Moros y cristianos

Nous étions en train de manger en silence, on nous avait servi une écuelle de riz et de haricots rouge mélangés d’un peu de viande. Un ragoût pimenté. Et il y avait ces hommes basanés, assis un peu plus loin près du bar. Des indiens ou des mestizos, c’est l’un d’eux, à la peau plus claire, qui a haussé la voix, feignant d’abord de ne s’adresser qu’à ses compagnons. Comme elle a la peau blanche cette pelirroja (en réalité elle n’était pas rousse, elle était blonde mais ses cheveux avaient les reflets roux de ce qu’on appelle le blond vénitien, comme la Flora du Titien).
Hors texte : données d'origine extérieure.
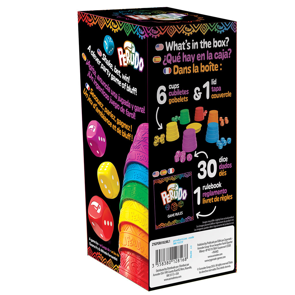 In this game of betting and bluff, each player gets a color-coordinated set of a cup and five dice. Roll the dice, bet on the outcome and be the best bluffer to win!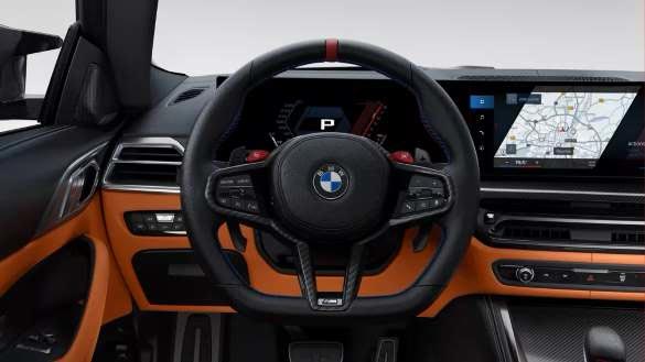 Lekkie karbonowe fotele kubełkowe M są zaprojektowane tak, aby kierowca i pasażer mogli bezpośrednio doświadczać sportowego potencjału BMW M. Podświetlane znaczki modelu dodają ekskluzywnego akcentu, a powierzchnie z widocznym wzorem włókien węglowych podkreślają zaawansowaną technologię i nadają fotelom wyrafinowany, wysokiej jakości wygląd, który podkreśla sportowy charakter pojazdu.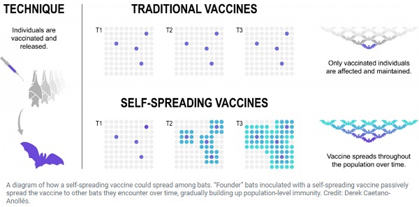 Las vacunas autodifundidas son esencialmente virus genéticamente diseñados para moverse a través de las poblaciones de la misma manera que las enfermedades infecciosas, pero en lugar de causar enfermedades, confieren protección. Construidas sobre el chasis de un virus benigno, las vacunas tienen material genético de un patógeno añadido a ellas que estimula la creación de anticuerpos o glóbulos blancos en huéspedes «infectados».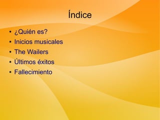 Bob Marley fue un cantante y compositor de reggae jamaiquino. Nació en 1945 en Jamaica y formó la banda The Wailers con Bunny Wailer. Sus canciones reflejaban la creencia Rastafari y alcanzó gran éxito internacional. Marley falleció en 1981 a los 36 años de cáncer.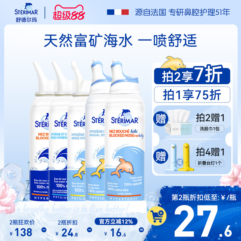舒德尔玛Sterimar小海豚儿童成人鼻腔鼻炎喷雾洗鼻器清洁便携50ml
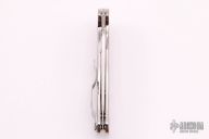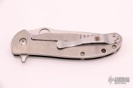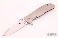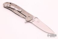 This C214TIP Advocate is a Gayle Bradley design executed by Spyderco. It features a satin finished drop point blade with thumb hole, notched thumb ramp and flipper. The handle is comprised of an orange peeled titanium frame over barrel spacers with a steel tip up clip that is reversible for right or left hand carry. Steel lock face insert and lanyard hole in pommel. Includes original box and papers. Excellent condition.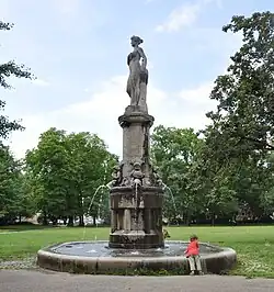Auf der Brunnensäule erhebt sich die fast nackte römische Göttin Juno mit einem Pfau. An der Säulenbasis sind 4 Putten angeordnet, die auf wasserspeienden Delphinen reiten. Die Putten halten eine Meeresschnecke, eine Getreidegarbe, einen Obstkorb und Weintrauben in den Händen als Symbolde von Fischerei, Ackerbau, Obst- und Weinbau. Literatur: #Chronik 1910, #Wais 1954.1, Seite 62. → Weitere Abbildungen. |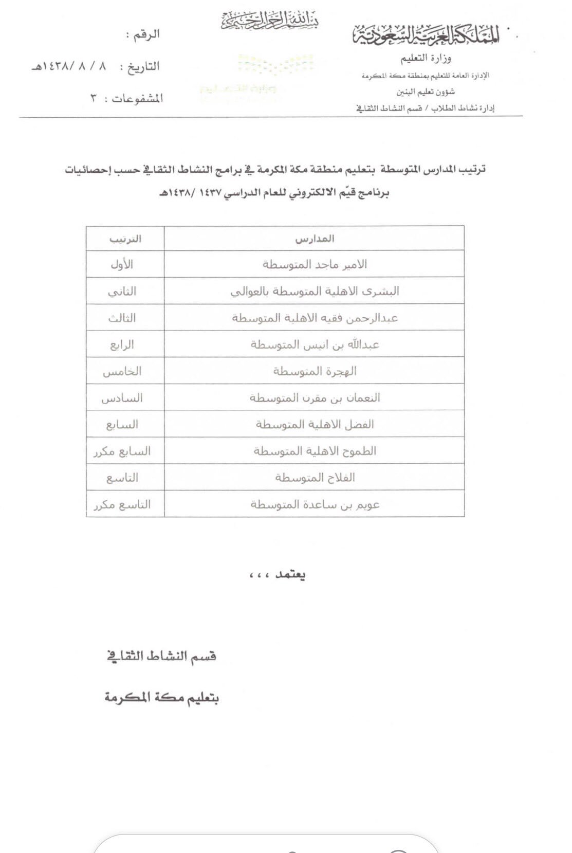 ثقافي مكة المكرمة On Twitter تعميم ترتيب المدارس في برامج النشاط الثقافي للعام الدراسي 1437 1438 هجري

Eux ils buvaient plutôt, des petits godets d’eau-de-vie, dont ils se reversaient depuis une bouteille au milieu de la table. Ils buvaient en fumant des cigarettes mais il y avait posé au milieu de la table, près de la bouteille, une assiette avec une sorte de gros rat frit dont ils prenaient de temps à autre du bout des doigts un lambeau de chair qu’ils détachaient des os, pour le mâcher sans hâte, comme font les marins russes d’un bout de poisson fumé pour accompagner leur vodka.

Nous étions assis de telle sorte qu’ils la voyaient de profil, tandis que moi, qui était assis à un quart de cercle sur sa droite, autour de la petite table ronde, ils me voyaient de face. Et j’avais commencé par les observer, un peu intrigué par le rongeur frit posé au milieu d’eux mais lorsqu’ils se sont mis à regarder de notre côté, j’ai baissé le regard vers mon écuelle et je ne l’ai levé que de temps à autre vers ma compagne.

-> Chinga ->

Ce n’est qu’alors que la patronne, la femme qui était derrière le bar (ce n’était pas elle qui faisait la cuisine mais une indienne plus jeune – sa fille peut-être… mais je ne crois pas parce qu’elle lui parlait comme à une domestique – qui nous avait apporté nos écuelles, elle avait un torchon maculé jeté sur l’épaule) c’est alors que la patronne (simplifions) leur a dit qu’ils avaient assez bu et qu’ils aillent prendre l’air. Je ne suis pas sûr d’avoir bien compris mais le sens était celui-là. Qu’ils aillent se faire voir ailleurs.

L’homme à la peau plus claire lui a lancé une invective en manière de plaisanterie mais il était déjà debout, avec les autres. Et ils sont sortis et, chose un peu surprenante, le dernier d’entre eux avant de passer le seuil s’est tourné vers nous et, inclinant un peu le buste, nous a salué. Courtoisement. Je veux dire sans moquerie.